There is thus a sense in which death is natural. And yet the fact that it stalks humanity, casting its terrible shadow — decay, disease, ageing — over us and the world in which we live, is deeply … wrong. A consequence of human rebellion (and God’s judgement upon it). Not His original intention.

And He graciously wants to give life to our mortal bodies — hence resurrection hope, the implications of which are nothing short of liberation for the whole cosmos to share in the glorious freedom of the children of God (Rom 8). It is out of this hope that Christians minister to the dying — not out of a humanistic conviction that it’s important to tie up loose ends, deal with unfinished business and make peace with your impending passing.

You die well if you die in this hope. Not if you’ve ticked off nine (observed) ‘needs’ of the dying!

3 comments

  1. Having trouble wrapping my head around the Idea that u treat Adam and Eve as historical figures. As an educated person with an mdiv, I don’t understand how someone gets to CPE still taking the scriptures so literally. Adam and Eve never existed they are a story meant to convey truth.

    1. Whoa! Slow down there, Pete.

      I’m not sure what your qualifications have to do with anything (there are plenty of people holding PhDs who DO believe in an historical Adam). But I’m pretty sure you won’t find anywhere in this post — or on my blog — claiming that Adam and Eve were literal historical personages. I happen to believe they weren’t — a position I would justify by a close reading of the text of Genesis itself.
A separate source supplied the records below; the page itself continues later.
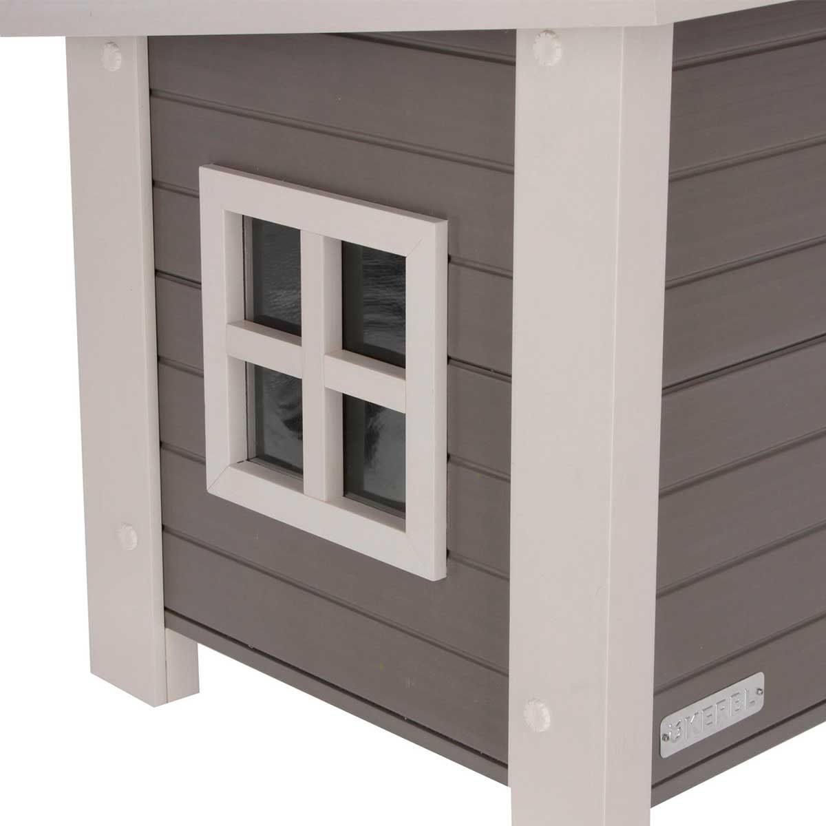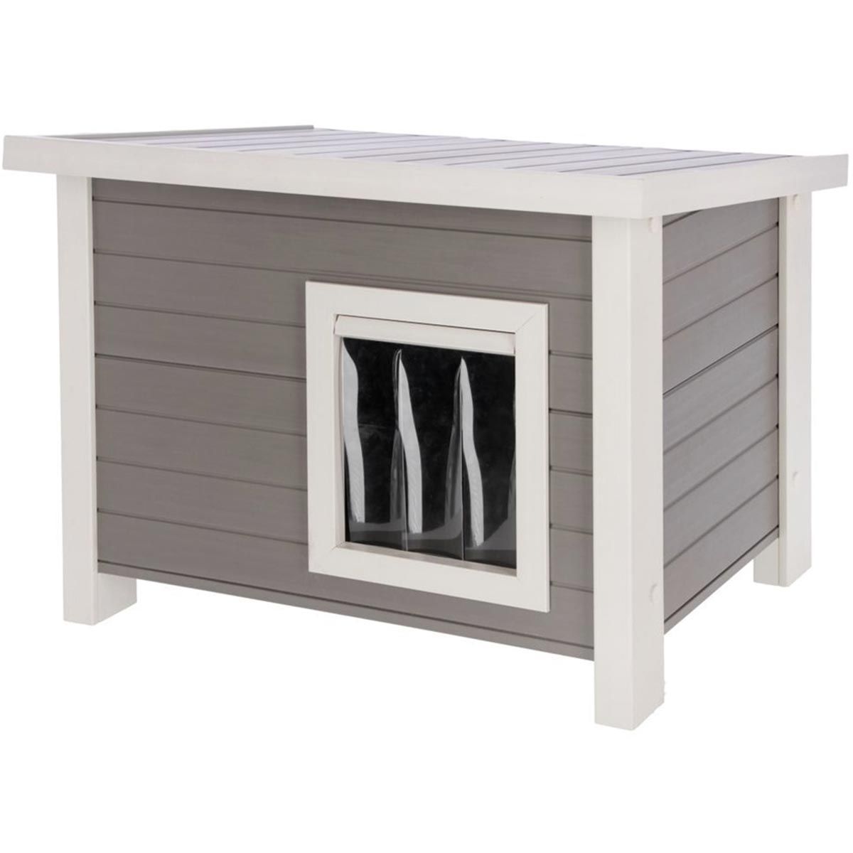 Das Katzenhaus Eli aus Eco-Kunststoff ist die ideale wetterfeste Unterkunft für Ihre Katze im Freien. Mit einer Materialzusammensetzung von 60% Kunststoff und 40% Holz ist das Haus äußerst robust und langlebig. Das aufklappbare Dach mit Fixierung ermöglicht eine einfache Reinigung und Pflege, während die Tür mit Lamellen Ihre Katze vor Wind und Kälte schützt. Für ausreichend Licht im Innenraum sorgen die praktischen Seitenfenster.
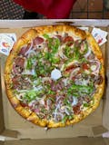 Salami, pepperoni, mushrooms, onions, bell peppers, sausage.
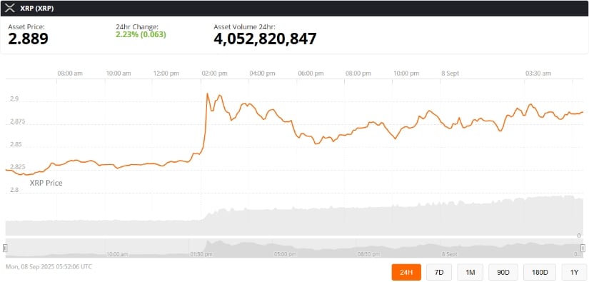 The XRP price today is hovering near $2.88, recovering from its early September lows of $2.70. According to market data, XRP has gained over 2% in the past 24 hours, outperforming the broader crypto market. This resilience has reignited bullish sentiment, especially as investors anticipate the next major leg higher.

      Of course, the way I treat the details of the Genesis story in this post may be consistent with belief in a literal Adam and Eve. Or it may not. My point is simply to try to spell out more precisely what particular truth the story conveys — in this case about death and God’s relationship to it.

      If you have issues with the substance of what I’m saying, by all means take me on at whatever points you think differently. But ascribing to me a position I don’t actually hold (while simultaneously calling my intelligence into question) is hardly the way to begin a productive conversation.

  2. sorry, did not want to seem to be calling your intelligence into question. your intelligence seems obvious. And there are people who hold ATS accredited degrees that think adam and eve were historical people. there are also people who believe in UFOs and homeopathy. I have friends that believe in homeopathy. does not make them bad people, or immoral people, or not intellgent. I recently met a brilliant man who said there are no errors in the bible. But it does mean I don’t take them seriously on subjects like ufos, homeopathy, or using ancient literature as geneaology or science, or the idea that the bible has no errors. I liked what you said about death being natural a possibility. I just did not understand your use of adam and eve at first read. it was late and I was grumpy.